Background technology
In channel coding technology, as Turbo code, low-density checksum LDPC(Low Density Parity Check) code and convolution code etc., because its error-correcting performance is superior, over nearly 10 years, in high-speed radiocommunication standard (system of 3G or 4G), obtained being widely used.For example,, at Long Term Evolution LTE/ Long Term Evolution upgrade version LTE-A(Long Term Evolution/Long Term Evolution Advanced) system in, used Turbo code and convolution code; In 802.11 systems, LDPC code and convolution code have been used.
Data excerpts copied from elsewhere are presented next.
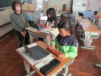 5・6年生は算数の学習。授業の終わりには、今日習ったことやこれまでに学習したことをしっかりと身に付けるために、練習問題に挑戦しています。みんなあきらめずに真剣に課題に取り組んでいて感心します。分からないところは先生がそばについて丁寧に教えてくれるので安心ですねlaugh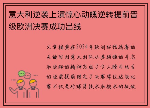 意大利逆袭上演惊心动魄逆转提前晋级欧洲决赛成功出线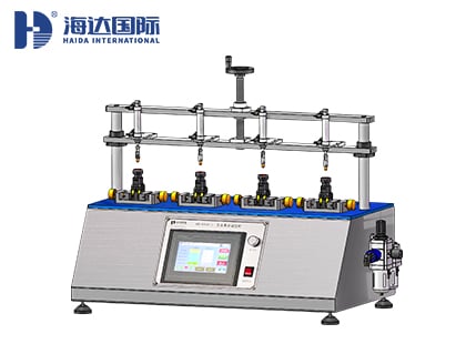 將樣品固定于本機夾具上(帶電測試樣品需要鎖緊快速插頭),扭緊夾具螺桿使樣品固定。不銹鋼迷你氣缸則在調好適當高度情況下,上下往復點動按鈕,直到樣品損壞,記錄點動次數。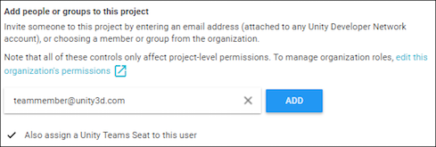 Note: You must tick Also assign a Unity Teams Seat to this user to enable the user to use Collaborate on your Project.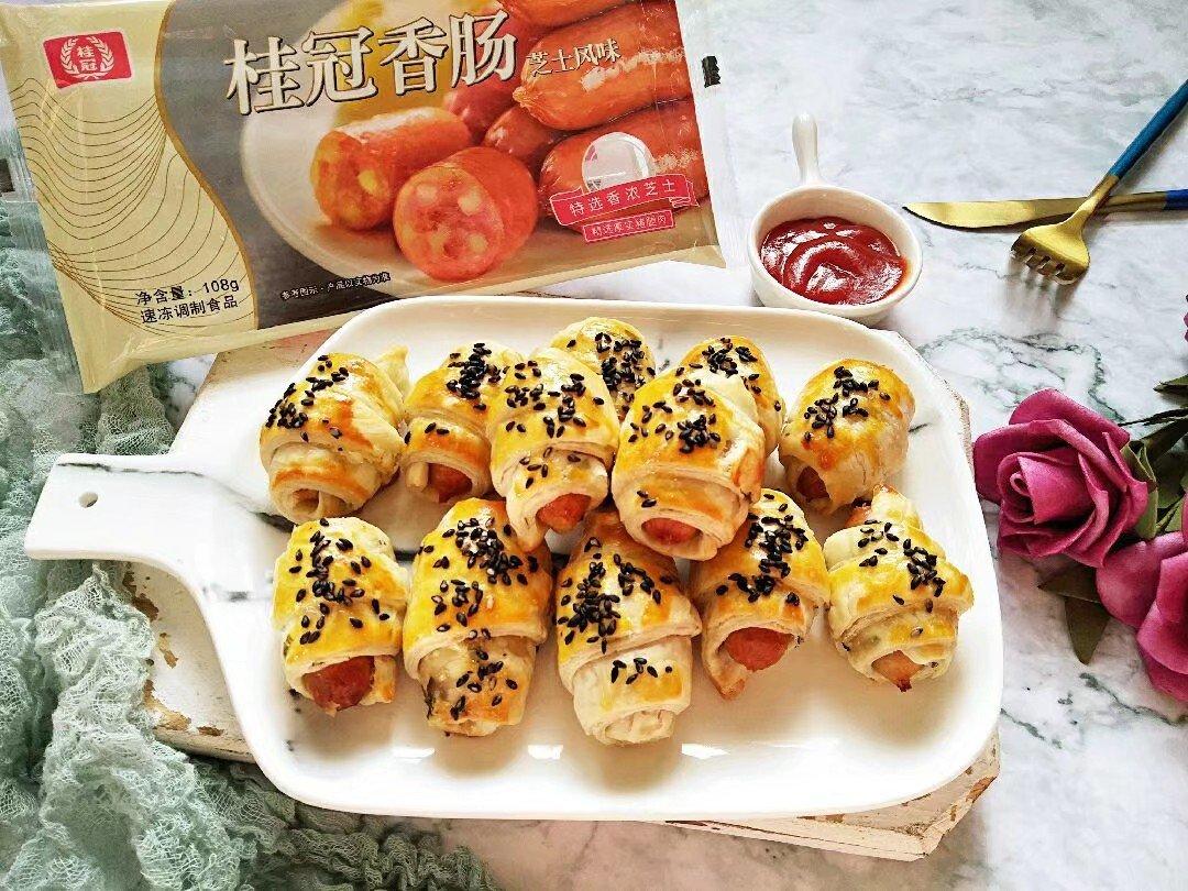 桂冠香肠+桂冠飞饼,一卷一烤,简单快手,一盘香酥美味的香肠脆皮卷就好啦!蘸着番茄沙...

The coding and decoding of this type of channel has high time complexity, needs to expend a large amount of computing times.Yet emerging radio communication standard is again the means of communication towards big data quantity.Traditional communication implementation is mostly based on hardware handles platform, and hardware platform has following a plurality of problem: cost is high, platform scope of application limitation, and debug process is loaded down with trivial details, and the construction cycle is long, program upgrade inconvenience etc.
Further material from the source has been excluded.